Instantaneous excess hazard
The excess hazard proposed can be expressed as following:
$$ \lambda_{exc}(t|z;\theta) = \left(\dfrac{t}{\tau(z;\tau*)}\right)^{\alpha(z;\alpha*)-1} \left(1 - \dfrac{t}{\tau(z;\tau*)}\right)^{\beta-1} 1_{\left{0 \le t \le \tau(z;\tau*)\right}} $$
where : $\$
$\tau(z;\tau*) > 0$ is the time to cure, depends on covariates z and vector of parameters $\tau*$. It corresponds to the vector of parameters fitting the time-to-null excess hazard. $\$
$\alpha(z;\alpha*) > 0$ and $\beta > 1$ are shape parameters. With $\beta>1$, the excess hazard is forced to be null and continuous in $\tau(z;\tau*)$. $\$
The vector of parameters to be estimated is $\theta = (\alpha*, \beta, \tau*)$ with $\alpha(z;\alpha*) > 0$ .
Cumulative excess hazard
$$ \Lambda_{exc}(t|z;\theta) = \tau(z;\tau*) B \left( \alpha(z;\alpha*), \beta \right) F_{Be} \left( \dfrac{t}{\tau(z;\tau*)} ; \alpha(z;\alpha*) , \beta \right) $$
where
B is the beta function $\$ $F_{Be}$ is the cumulative distribution function (cdf) of the beta distribution
Net survival
$$ S_n(t|z) = \exp(-\Lambda_{exc}(t|z)) = \exp\left(-\tau(z;\tau*) B \left( \alpha(z;\alpha*), \beta \right) F_{Be} \left( \dfrac{t}{\tau(z;\tau*)} ; \alpha(z;\alpha*),\beta \right)\right) $$
The cure fraction $\pi$
The cure fraction corresponds to the net survival at $t = \tau$ in TNEH model.

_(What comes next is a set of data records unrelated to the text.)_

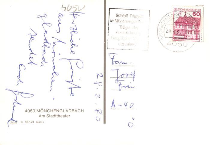 73943586 MoeNCHENGLADBACH NRW Partie am Stadttheater Wasserspiele postalisch gelaufen Erhaltung siehe scans [FriedD77] alte Postkarte Frie Katcode 11110005116000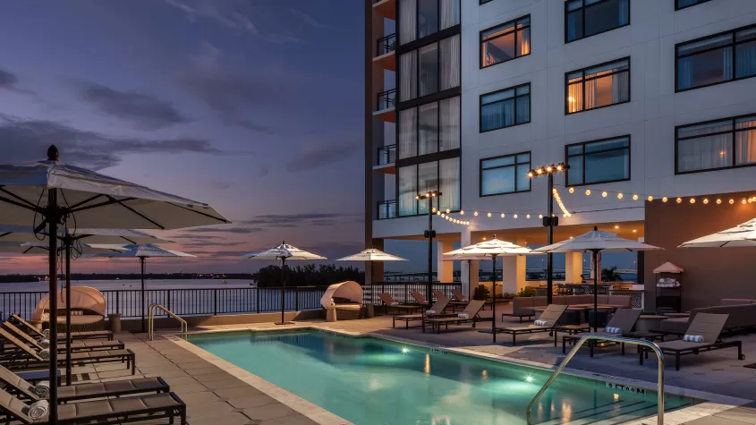 Luminary Hotel & Co., Autograph Collection in downtown Fort Myers boasts 243 guest rooms & suites, with connectivity to the 37,000-sq.-ft. Caloosa Sound Convention Center. Positioned in a lively river district, Luminary Hotel & Co. features a rooftop bar, two restaurants, retail and ample meeting space. The Workshop, a state-of-the-art culinary theatre, hosts culinary classes and encourages collaboration and innovation.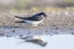 The western house martin is similar in habits to other aerial insectivores, including other swallows and martins and the unrelated swifts, and catches insects in flight.[9] In the breeding areas, flies and aphids make up much of the diet, and in Europe, the house martin takes a larger proportion of aphids and small flies than the barn swallow.[9] As with that species, hymenopterans, especially flying ants, are important food items in the wintering area.[9]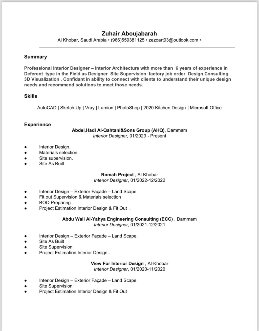 مصمم داخلي خبرة 8 سنوات في مجالات مختلفه تخدم التصميم الداخلي عضو معتمد في هيئة المهندسين متواجد في مدينة الخبر ابحث عن عمل في الخبر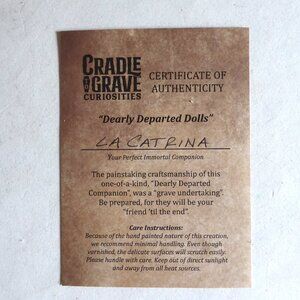 This is a one of a kind piece. Comes with Certificate of Authenticity, 2 Day of the Dead illustrated cards and original tag. This was acquired from an Oddities convention. A talented artisan was selling their spectacular creations in their booth. This item has never been displayed. Perfect for Halloween decor or everyday. (See photos for details) I am the original owner. It has been in climate controlled storage since purchased. Comes from a pet and smoke free home.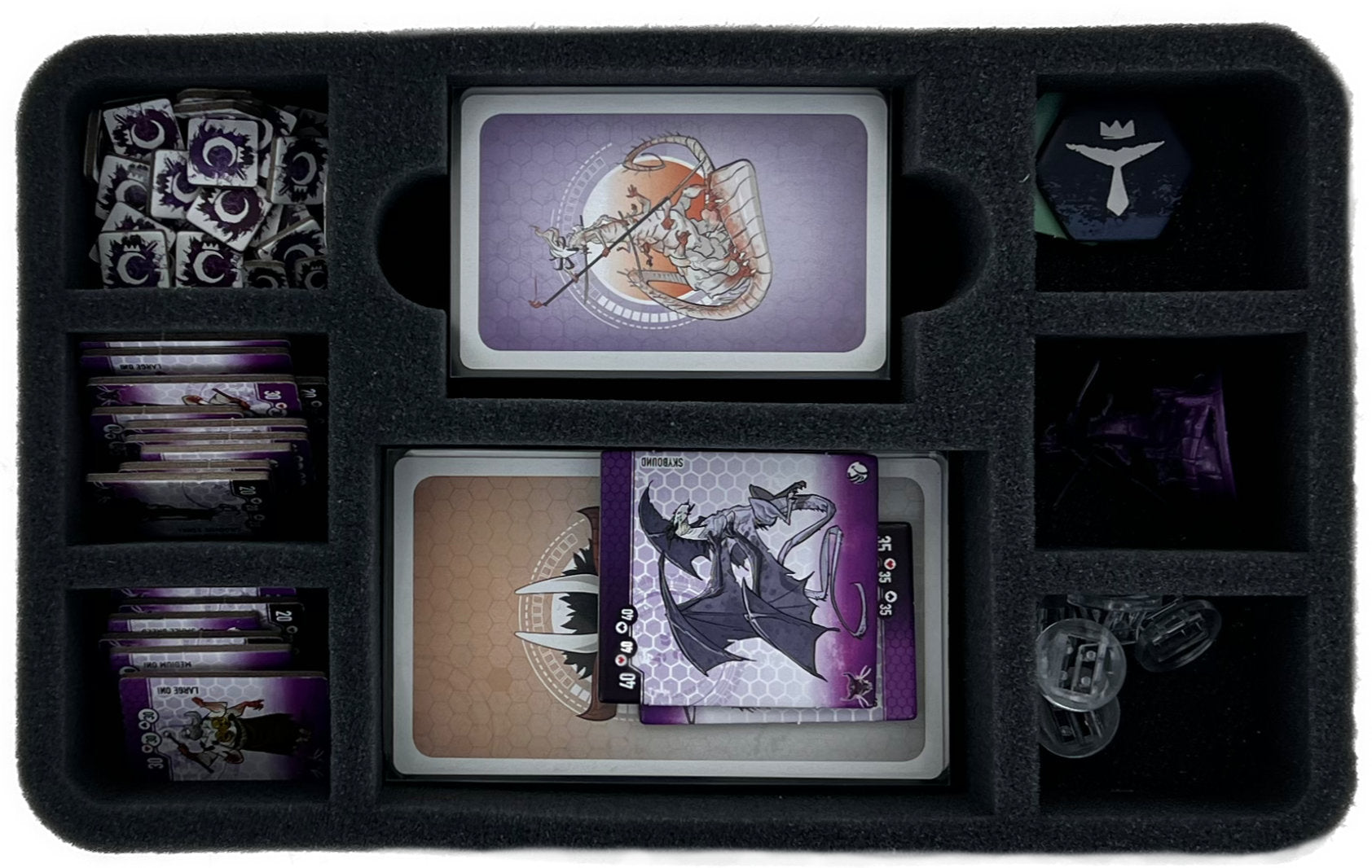 • 1 Half-Size foam tray for the Moon Princess miniature, regular-sized game cards, tokens and large-sized tarot cards. (HSMFEP050BO)

It can be expressed as:
$$ \pi(z|\theta) = \exp\left(-\Lambda_{exc}(\tau(z;\tau*)|z)\right) = \exp\left(-\tau(z;\tau*) B \left( \alpha(z;\alpha*), \beta \right)\right) $$
The probability Pi(t)
This quantity corresponds to the probability Pi(t) of being cured at a given time t after diagnosis knowing that he/she was alive up to time t. It can be expressed as following:
$$ Pi(t|z) = \dfrac{\pi(z|\theta)}{S_n(t|z)} = \exp \left( \tau(z;\tau*) \left( B \left( \dfrac{t}{\tau(z;\tau*)} ; \alpha(z;\alpha*) , \beta \right) - B(\alpha, \beta) \right) \right) $$ To calculates the confidence intervals of $Pi(t|z)$, can be obtained using the delta method. The application of this method requires the partial derivatives of $Pi(t|z)$ with respect of the parameters of the model. This can be written as:
$$ \dfrac{\partial Pi(t|z)}{\partial \theta} = \dfrac{1}{S_n(t|z)^2} \left( \dfrac{\partial \pi(z|\theta)}{\partial \theta} S_n(t|z) - \dfrac{\partial S_n(t|z)}{\partial \theta} \pi(z|\theta) \right) $$
Fit of tneh model using R
Without covariates
fit_ad_tneh_nocov <- curesurv(Surv(time_obs, event) ~ 1,
pophaz = "ehazard",
cumpophaz = "cumehazard",
model = "nmixture", dist = "tneh",
link_tau = "linear",
data = testiscancer,
method_opt = "L-BFGS-B")
#> init 5 5.5 5 lower 0 1 0 upper 100 100 100
#> next evaluation with initial values = 2
fit_ad_tneh_nocov
#> Call:
#> curesurv(formula = Surv(time_obs, event) ~ 1, data = testiscancer,
#> pophaz = "ehazard", cumpophaz = "cumehazard", model = "nmixture",
#> dist = "tneh", link_tau = "linear", method_opt = "L-BFGS-B")
#>
#> coef se(coef) z p
#> alpha0 2.1841 0.1032 21.166 <2e-16
#> beta 4.4413 0.5178 8.577 <2e-16
#> tau0 5.1018 0.5397 9.452 <2e-16
#>
#> Estimates and their 95% CI after back-transformation
#> estimates LCI UCI
#> alpha0 2.184 1.982 2.386
#> beta 4.441 3.426 5.456
#> tau0 5.102 4.044 6.160
#>
#> Cured proportion exp[-ζ0* B((α0+α*Z)β)] and its 95% CI
#>
#> estimates LCI UCI
#> π0 0.8474 0.7616 0.9042
#>
#> log-likelihood: -2633.903 (for 3 degree(s) of freedom)
#> AIC: 5273.806
#>
#> n= 2000 , number of events= 949
newdata1 <- with(testiscancer,
expand.grid(event = 0, time_obs = seq(0.001,10,0.001)))
p_28 <- predict(object = fit_ad_tneh_nocov, newdata = newdata1)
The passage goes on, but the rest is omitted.